I want you all to be aware that there is another limiting factor that needs to be taken into consideration before any big work on optimizations are done, especially optimizations that will affect everything from bitmap bit order to screen rotation etc.
That factor is the response time of a twisted-nematic liquid crystal display (= the Nokia 5110 LCD), which according to a Fujitsu specsheet I have (all TN displays are similar in this respect) is around 60 ms. http://www.fujitsu.com/downloads/MICRO/fma/pdf/LCD_Backgrounder.pdf
60 ms is 16.666666666667 Hz = approx 17 frames per second.
I have seen this also in practise: in "Isle of maniax" I am drawing white houses on top of the black horizon. The end result is that the black horizon is "showing through" the buildings. This is because the LCD response time (60 ms) means that the black pixels do not have time to "turn off" before they are supposed to be white. The result is a blurry mess and it doesn't look nice. You will not see this effect on the Simbuino emulator. Only on the real hardware.
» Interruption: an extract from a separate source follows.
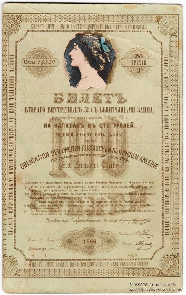 Открытка стилизована под Билет второго внутреннего 5% с выигрышами займа на капитал 100 рублей 1866 г. (Облигация), с изображение девушки (Лина Кавальери).

What I am basically getting at here is that at 350 ns (16x16 drawbitmap with Myndale's optimized putpixel routine), you can draw the Gamebuino screen (84x48 pixels) over so many times, that the speed of the routine does not really have any practical meaning
screen total pixels=84*48=4032
testbmp pixels = 16*16=256
paint whole screen once = pixels/bmppixels=15.75
to paint screen with 16x16 bitmaps takes = paintonce*350ns=0.00000551sec
fps limited by 16x16 bmp painting routine = 1s/topaintscreentakes=181405.89569161 fps
So, even with a 350 ns routine, you could achieve a theoretical FPS of 181000 frames per second. Clearly, your LCD is not kind of going to keep up with it. At this point (really, I am not kidding) whether you have a 350 ns or 150 ns drawing routine doesn't make any difference. You wont be able to use that speed in a meaningful way.
These calculations are all assuming Myndales timing measurement in his demo is correct. Which I think they are.